Examples of simple carbs: sugars and refined grains that have been stripped of all bran, fiber, and nutrients, such as white bread, pizza dough, pasta, pastries, white flour, white rice, sweet desserts, and many breakfast cereals. Sugars here are glucose, fructose, sucrose

Examples of complex carbs: Whole grains, Whole grain bread, Brown rice, Legumes, Nuts, Lentils, Sweet potatoes, Quinoa, Granola, Some varieties of vegetables

Potatoes, while technically complex carbs, are actually unusually quick to break down and so function more like refined/simple carbs.

Leptin and Ghrelin

High fat levels => high leptin => less hunger, more energy expenditure

When your body thinks you have low leptin, you get these changes (mediated via the hypothalamus):

  • Eating more: Your brain thinks that you must eat in order to prevent starvation.
  • Reduced energy expenditure: In an effort to conserve energy, your brain decreases you energy levels and makes you burn fewer calories at rest.

One theory as to why obesity can be so hard to shake is that, beyond a certain level of fat, the body can develop leptin resistance/insensitivity - meaning the feedback loop is broken.

Ghrelin gets made by the stomach when empty. So high ghrelin => hunger.

Again, there is a theory that obesity may induce additional ghrelin sensitivity, making it harder to shed pounds.

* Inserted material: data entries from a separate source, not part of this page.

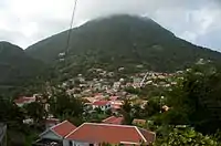 ![]() سابا، ويظهر بالصورة قمة جبل سينيري بين السحب | |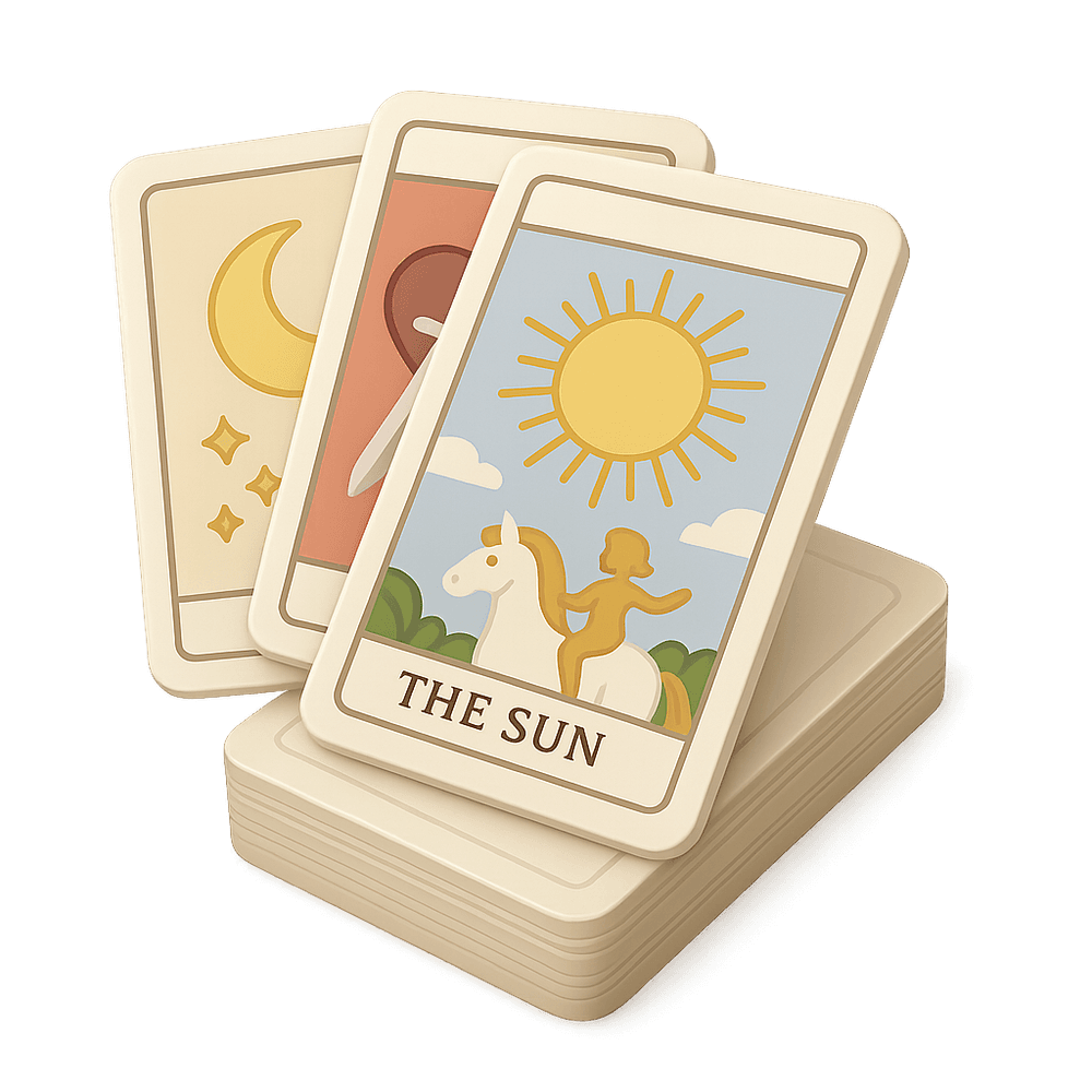 A tarot deck is a set of illustrated cards used for divination, self-reflection, and spiritual guidance. Each deck typically contains 78 cards, including the Major and Minor Arcana, and is often used in hobbies such as card reading and collecting.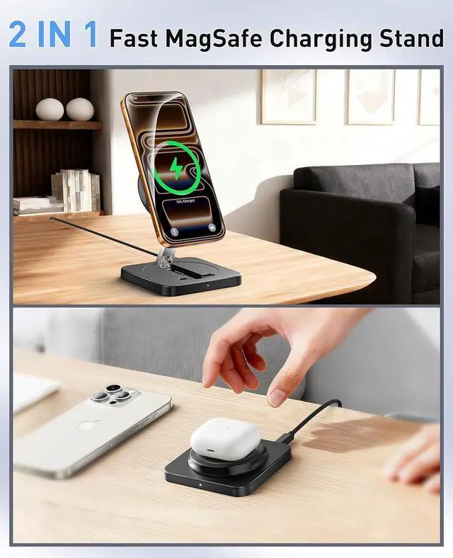 Adjustable and Space-Saving: Elevated charging pad protects iPhone cameras. The Featuring a foldable space-efficient design with angle-adjustable phone and watch charging modules can instantly transform into a cell phone stand. this mag-safe charging station allows you can be placed horizontally to watch movies and vertically to video chat. Portable Foldable Design for Travel & Office great option to organize your home office or travel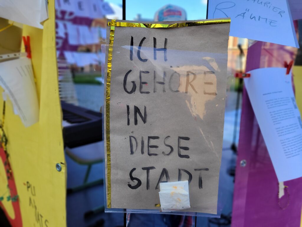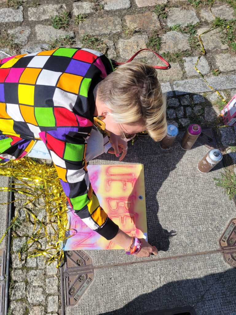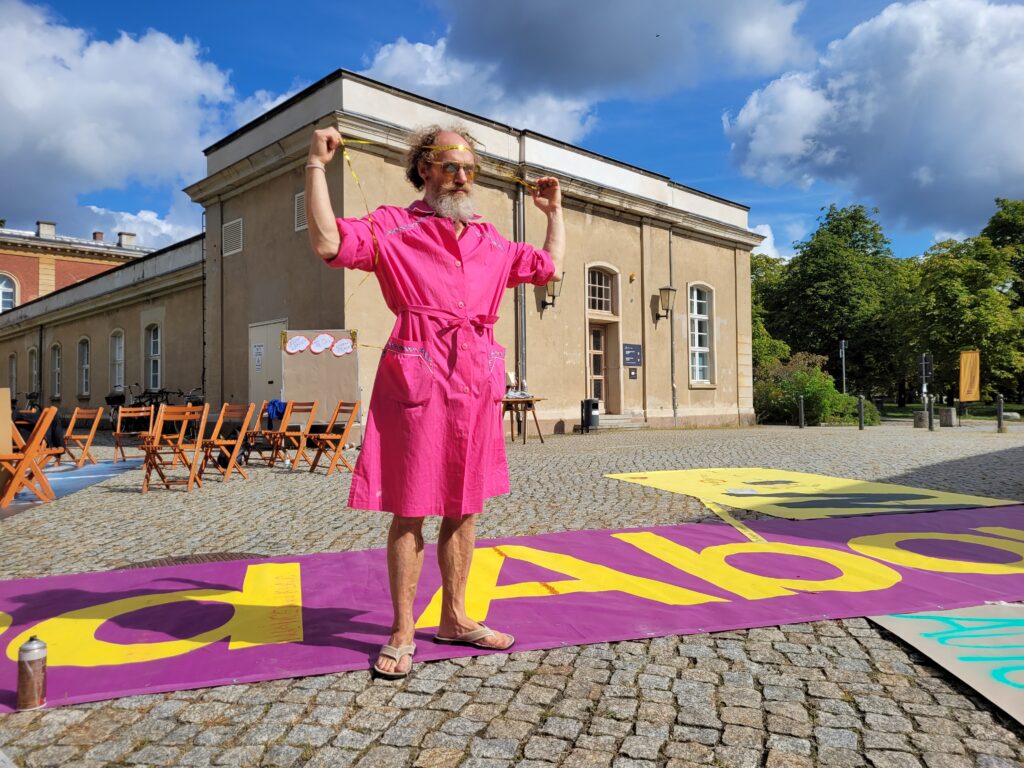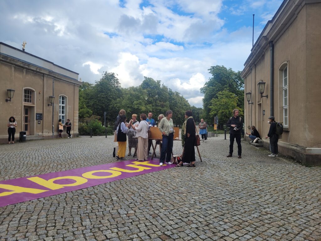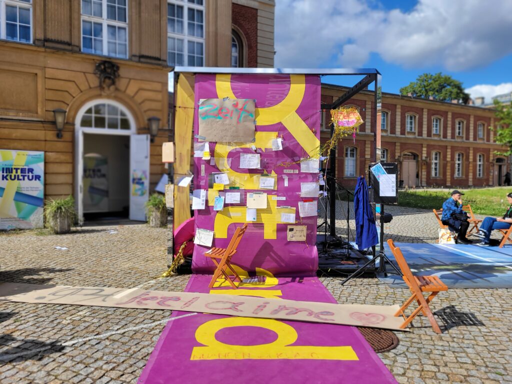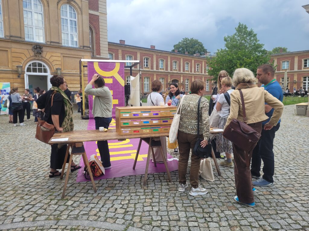 Wir luden vom 13. – 15. September 2023 auf dem Campus der Universität Potsdam, im öffentlichen Raum, ein Publikum und Nicht-Publikum ein, Ideen, Reaktionen, Eindrücke, Fragen, Wünsche und Visionen im Kongressverlauf digital zu teilen und zu dokumentieren – denn die inter □ skulptur war/ist lebendiges Kongressarchiv und offenes Forum für performative, verbale, lyrische, digitale Beiträge aller zugleich. Alle wohnten dem Entstehen eines multiperspektivischen FREIRAUMS bei. Sie besuchten uns jeden Tag. Sie hörten Beiträge auf unserer Bühne/ in unserer Installation: Festival für Freunde, RZ Potsdam, Netzwerk Junge Ohren, Interkulturelles Forum Hamburg, Fluctoplasma Festival Hamburg, Hummustopia NRW und weitere. Sie kamen miteinander ins Gespräch. Sie ruhten ich aus. Sie luden selbst ein dabei zu sein.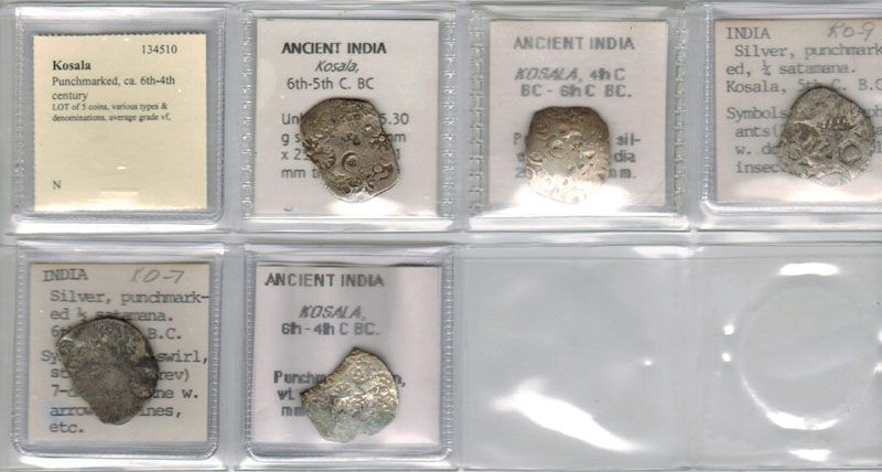 KOSALA: Punchmarked, ca. 6th-4th century, LOT of 5 coins, various types & denominations, average grade vf, nice group, lot of 5 coins, ex. John Page Collection.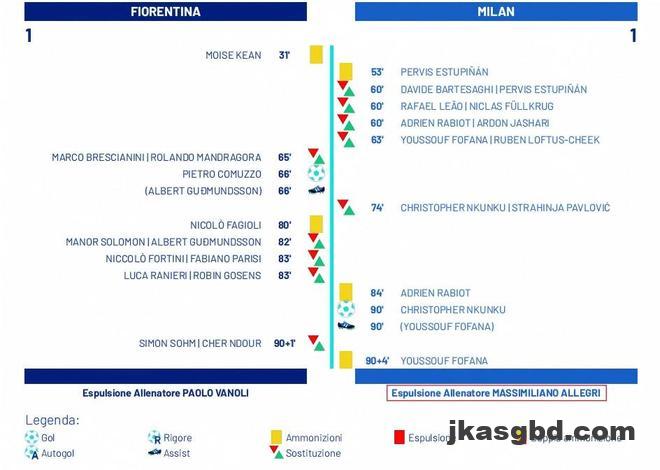米兰在意甲第20轮客场1-1战平佛罗伦萨,赛后的裁判报告显示主教练阿莱格里在这场比赛当中还被裁判驱逐出场。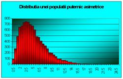 În figura 7.2, se poate observa aceiasi ideie din figura 7.1, pentru cazul când populatia de baza nu este o populatie cu repartitia Gauss ci una extrem de asimetrica. Se observa totusi ca si în acest caz, pe masura cresterii volumului loturilor, histogramele sunt tot mai simetrice.

So all things considered, low grehlin and high leptin would seem to be good things in a dieter. However the evidence doesn't line up with this - at least one study indicated that those better at losing weight had lower leptin and higher ghrelin than others - in each case, the opposite of what we might expect: https://www.precisionnutrition.com/leptin-ghrelin-weight-loss

At the moment, the best anyone seems able to say about this is "it's complicated". One heartening takeaway is that while diets might tend to elevate ghrelin response to an ampty stomach, this doesn't actually seem to be a sure-fire predictor of rebound weight gain, as it's the body's response to a given ghrelin level that is the important thing.

Ending the diet

Note that once you're back to a more normal regime, you'll get water weight back on again - maybe an extra 4 or 5 pounds. Cater for this when you're setting your target weight.

The Hacker's Diet

This sets out the calorie-control approach to dieting: theory and practice both. A key insight is that tracking a rolling average of weight means the dieter avoids the psychological stress of the everyday ups and downs and can focus on the far steadier trend.